Gizmodo and the iPhone 4G: An Example of Unethical Journalism

On April 19th, 2010, the popular tech blog Gizmodo (owned by Gawker Media) published an article, complete with a photo gallery, detailing the specs of the iPhone 4G. The phone Apple is said to release this summer. The one that’s supposed to be a secret, in order to create a whirlwind of hype and anticipation over the next couple of months.

How did Gizmodo get photos of the device, including the internals? Apparently an Apple employee accidentally left it at a bar, and it eventually made it into the tech blog’s hands. (Gizmodo’s account of what happened can be found here.)

The phone, which a few have described as looking “ugly,” is likely a prototype lacking the case the end product will have. Its two metal volume buttons, rather than a single plastic rocker switch, is just one indicator of that. It is incontrovertibly an Apple device, seeing as it has an Apple-made processor, iPhone OS 4.0 and a plastic case designed to disguise it as an iPhone 3G. John Gruber, of Daring Fireball, made some calls and confirmed that Apple was missing a unit. Also, it was remotely erased.

Did Gizmodo do the right thing and return the device to Apple? No. Instead, they posted pictures and other details in an effort to bring in the usual massive traffic spike that an exclusive Apple story guarantees. I’m pretty sure that would be considered theft, as well as leaking trade secrets.

Because of this leak, Apple lost the element of surprise. Their competitors now know what the next iPhone will feature, and they can make plans for their own competing phones. Gizmodo has just painted a big legal target on their collective backs, and I imagine Apple will be launching their missiles any day now.

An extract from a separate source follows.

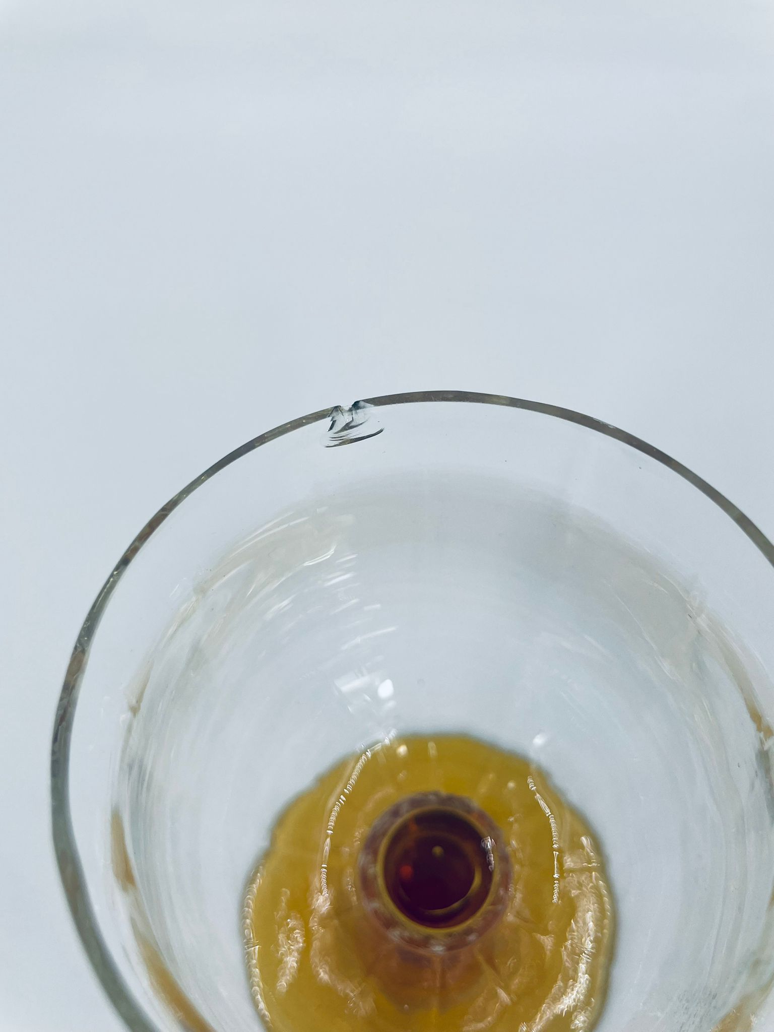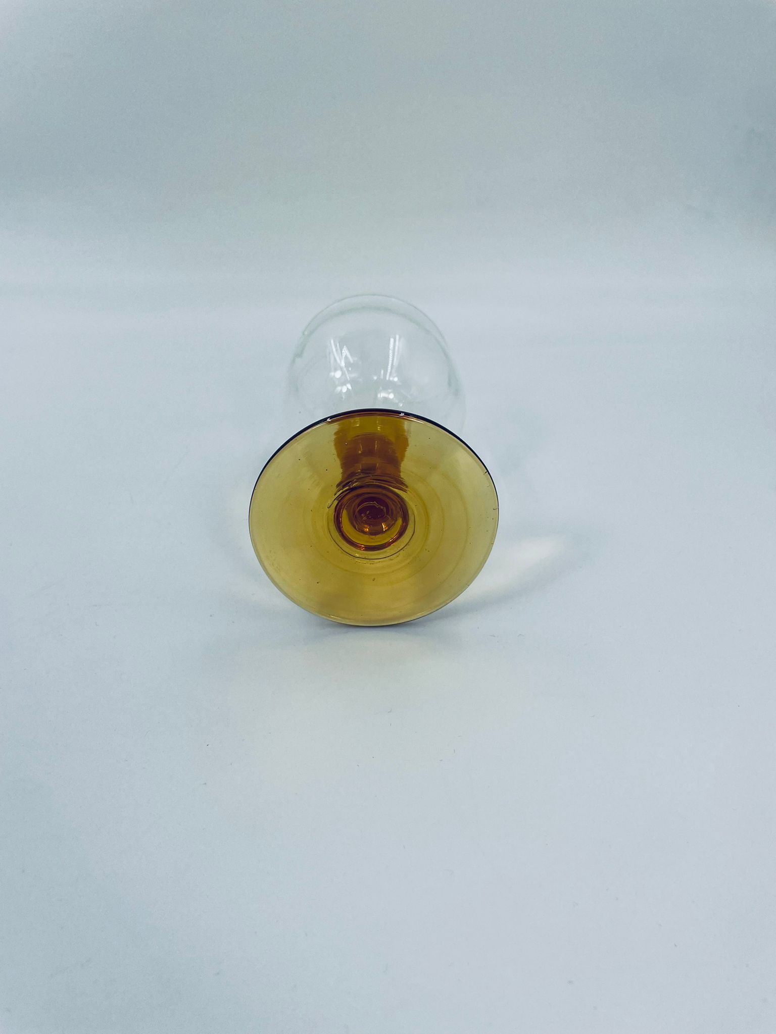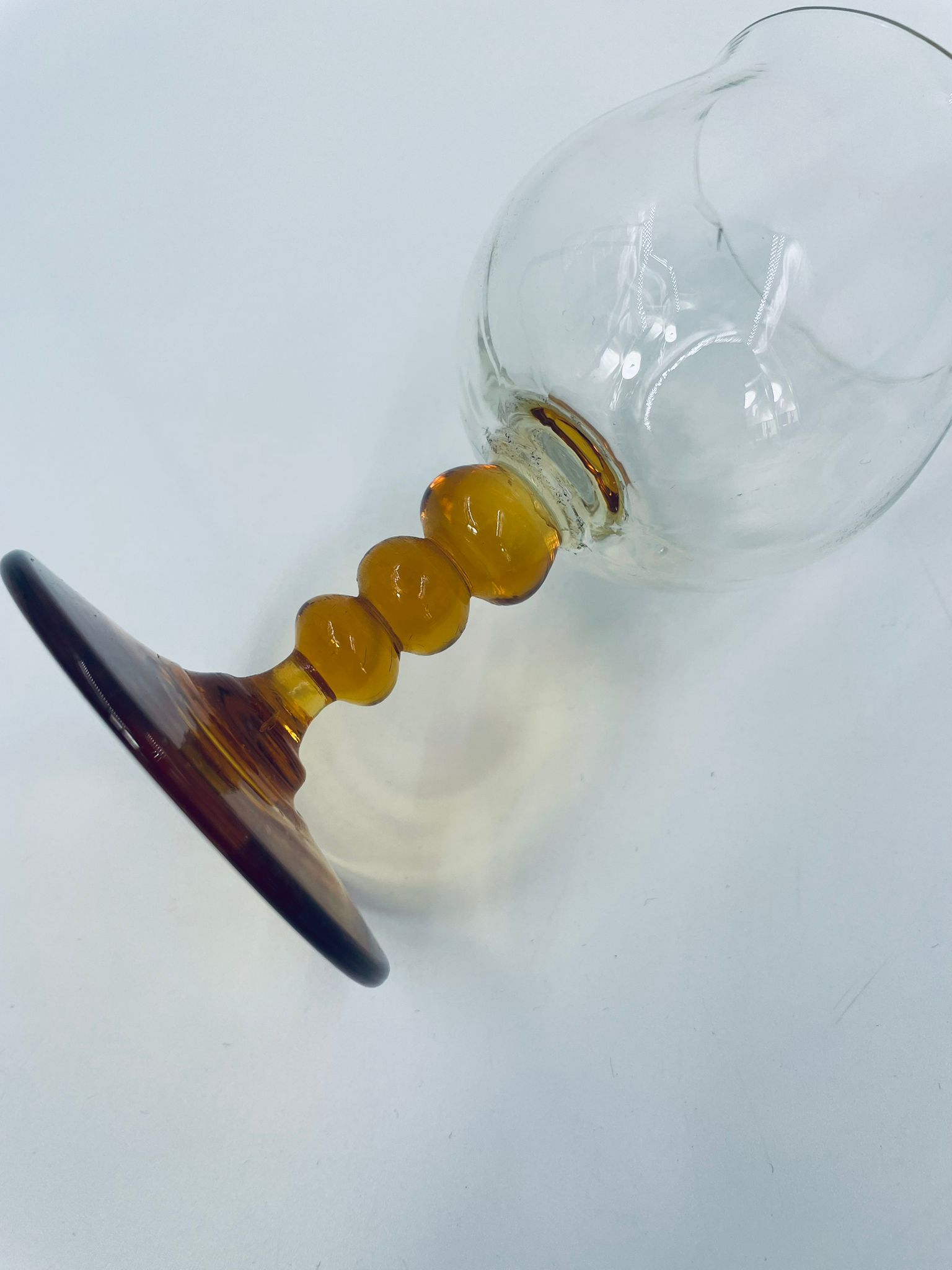Kieliszek do wina typu Römer, wykonany z wysokiej jakości szkła kryształowego. Czasza kieliszka przezroczysta, nóżka ozdobna, bursztynowa. Posiada uszczerbek na górnym rancie.
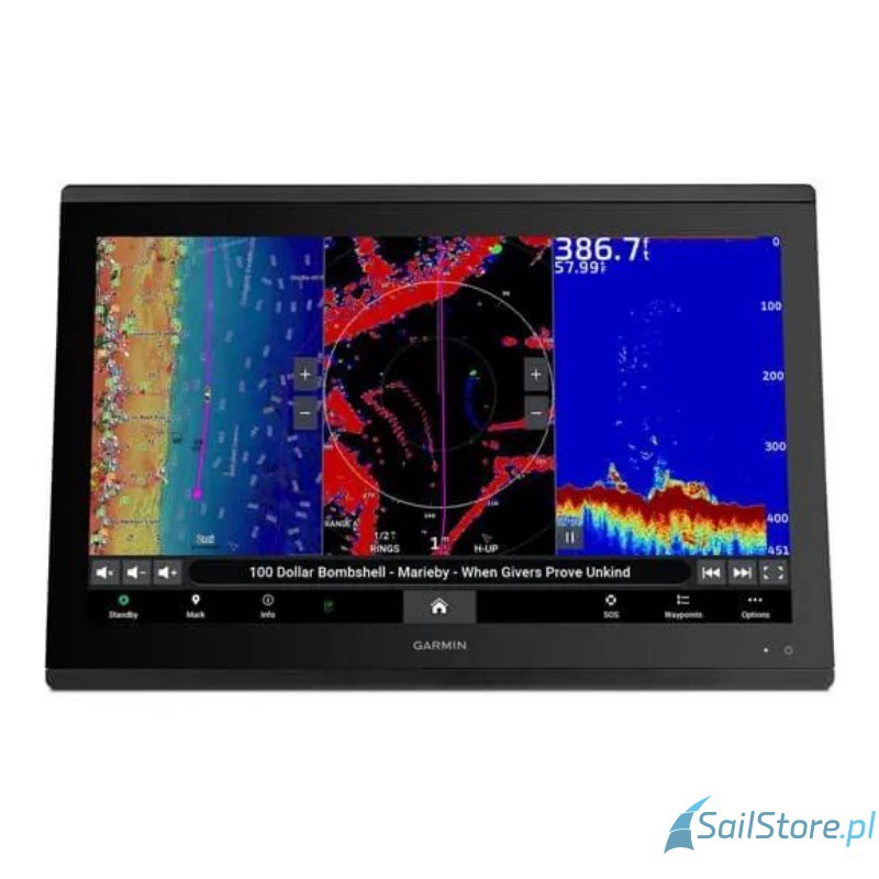 Wielkoformatowy wyświetlacz wielofunkcyjny GPSMAP 8422 jest wyposażony w ekran dotykowy o przekątnej 22 cali i rozdzielczości Full HD. Wyświetlacz z warstwą antyrefleksyjną jest bardzo czytelny nawet w pełnym słońcu oraz jest wyposażony w funkcję automatycznego przyciemnianie wyświetlacza, która pozwala korzystać z wyświetlacza w warunkach słabego oświetlenia i w nocy. Nowy, całkowicie szklany wygląd zapewnia bezpośredni dostęp do eleganckiego i wydajnego panelu sterowniczego podłączonego do sieci. Wyświetlacz LCD IPS — pierwszy w branży w tej klasie — zapewnia jednolite i dokładne odwzorowanie kolorów pod każdym kątem. Wyposażony jest również w wyjście USB umożliwiające korzystanie z wyświetlacza jako ekranu dotykowego przez urządzenia z systemami operacyjnymi Windows® i Mac®. Zainstaluj wiele wyświetlaczy, korzystając z niskoprofilowego uchwytu do montażu wpuszczanego lub na płasko, aby uzyskać elegancki szklany panel sterowniczy. Szybki dostęp do potrzebnych informacji za pomocą jednego dotknięcia ułatwia pływanie łodzią.

I really can’t see how Gizmodo is justified in their actions. Did we all want to know what the iPhone 4G would be like? Yes. Did we need to know? No. Did we have a right to know? Absolutely not.

Not only has Apple taken a blow as a result, but an Apple employee could conceivably lose his job. Gizmodo crossed the line separating ethical reporting from unconscionable profit-seeking.

  • Jesse

    I couldn’t agree more! I was shocked that so many people gave them credit for getting a scoop, but I see this as theft and destruction of private property! I hope someone gets in some huge trouble for this.

    • Matt

      And to top it all off, they posted another story (“How Apple Lost the Next iPhone”) publicly naming and ridiculing the employee who lost the device.

      To quote @chriscoyier, “I’d unsubscribe if I didn’t already do that a long time ago.”

  • Mir

    Hey, you know what they say, any publicity is good publicity. It’s funny how a misplaced iPhone ends up in Gizmodo’s hands. Wouldn’t the person just return the phone to the owner (since he knew who the owner was)?

    Something isn’t right about this story, but, in the end, I think both Apple and Gizmodo benefit from it.

  • Karl Johnson

    I agree with Mir – it does seem like a little fishy. But could have worked out well for both sides. Apple get the new mobile phone mentioned in very viral way which does not look staged (to some) and Gizmodo get traffic. I imagine that when a users found out a new iPhone was on the way, they held out for it.